Accordingly, Michael Meier [19] – the United States-Canada representative of German Social Democratic Party’s Friedrich Ebert Stiftung, a conference cohost – said that “we have a huge challenge ahead,” which was perhaps a tremendous understatement. Meier focused especially on the wish of his party colleague, SPD foreign affairs spokesman and German parliamentarian Niels Annen [20], “to accompany a democratic Turkey along the path to membership of the European Union. It is in the genuine interest of the Europe, the United States and Turkey to arrive at a close, value-based relationship,” he said, particularly given the “crucial geostrategic importance of Turkey in a troubled and difficult region.”

Meier emphasized the long-term domestic desirability in Germany of Turkish EU membership, because with “more than 3 million people of Turkish origin living in Germany, every event in Turkey has domestic policy repercussions in Germany.” Annan said, concerning his Hamburg district, that “conflicts between President Erdoğan and his opponents are also fought out in my constituency. Ninety-nine percent of those conflicts are resolved peacefully – discussions, demonstrations – but there also has been violence.”

As with Turkey and Europe, the “integration of Turkish-Germans into the society is not a real success story in all aspects,” Annan said, commenting on something that is disturbingly documented [21]. Turkish-descent members of Germany’s parliament, the Bundestag, required police protection [22] against violent threats after supporting the Bundestag resolution [23] condemning the Ottoman Empire’s 1915 Armenian genocide.

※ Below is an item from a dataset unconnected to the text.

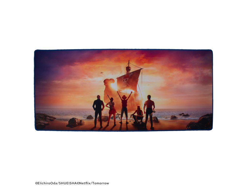 Podložka na stůl s motivem posádky Slaměného klobouku, která hledí k horizontu, zatímco slunce zapadá za jejich loď. Poskytne pevný a praktický povrch pro vaše každodenní úkoly na PC.
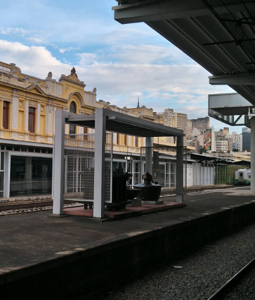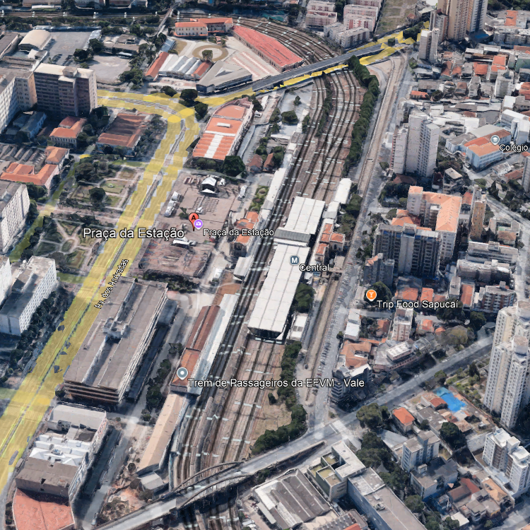 O nome “Praça da Estação” deriva da presença histórica da estação ferroviária, hoje convertida em Museu de Artes e Ofícios, preservando a memória do trabalho e da vida cotidiana brasileira.

Meanwhile, Turkey’s reprisals prevented Bundestag members from visiting [24] German military personnel stationed in Turkey.

AKP Turkish parliamentarian Volkan Bozkır [25], former Turkish Minister of EU Affairs, only highlighted Turkey’s hollowness as a once globally touted Muslim democracy and EU candidate [26]. While he emphasized Turkey’s EU application efforts [27], Bozkır’s past bizarre theories [28] concerning Vatican condemnation of the Armenian genocide do not comport with the open-mindedness expected of a citizen in a democratic community.

“We would like to promote democracy in the Middle East, we would like to see liberal actors come to power, and that is a distant dream at the moment,” Sadjadpour concluded.